Later that day while out playing in the woods again to pass the time, Nelly encounters a young girl (Gabrielle Sanz, actor Joséphine’s twin sister) who looks just like her, pulling a large branch over to the hut. She waves Nelly over to help and reveals that her name is, Marion.
Sciamma allows this blossoming friendship the space to flourish, and never overtly indicates whether it is a ghost story, an act of science fiction or purely a figment of Nelly’s imagination. Equally, she doesn’t specify if young Marion will always be found in an identical but fresher-looking house on the other side of the woods, or if her existence will cease once Nelly’s father puts the last box in the back of a moving van.

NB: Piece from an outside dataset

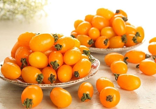 顧名思義,黃色小番茄的外表是黃色的,是無限生長(zhǎng)型番茄。黃色小番茄的外表艷麗,品質(zhì)比較好,果實(shí)硬度比較高,而且特別耐儲(chǔ)存。黃色小番茄酸甜爽口,又叫做黃圣女果,很多人都特別愛吃。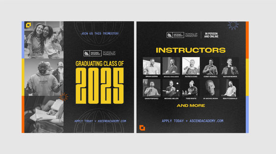 As the Creative Director for Ascend Academy, I managed all of the school's social media platforms, created all graphic and video content, and maintained the school's webpage for over 4 years. During my time with Ascend Academy, part of the creative strategy I developed for the school was to set up a new visual branding guide/theme each semester. Below is a collection of graphics (social content, digital ads, presentation slides, etc.) I designed for the 2023 Winter Semester campaign.

It doesn’t really matter, because Petite Maman uses a familiar, youthful playfulness spliced with calmness and reflection in order to unpack the complexities of human life and emotion.
It shows that love, loss, family and friendship can be interconnected in myriad ways. The tension between physical absence but emotional presence is stretched across the equidistance between the past and the future. Petite Maman is a beautiful tale of a young girl simply trying to understand her mother so that she can be there for her during a difficult time, mixing surrealism with realism, child-like appeal with very adult contemplations on morality. It has something for every viewer, not least the reminder that our parents were once children with nascent curiosities and innocent worldviews.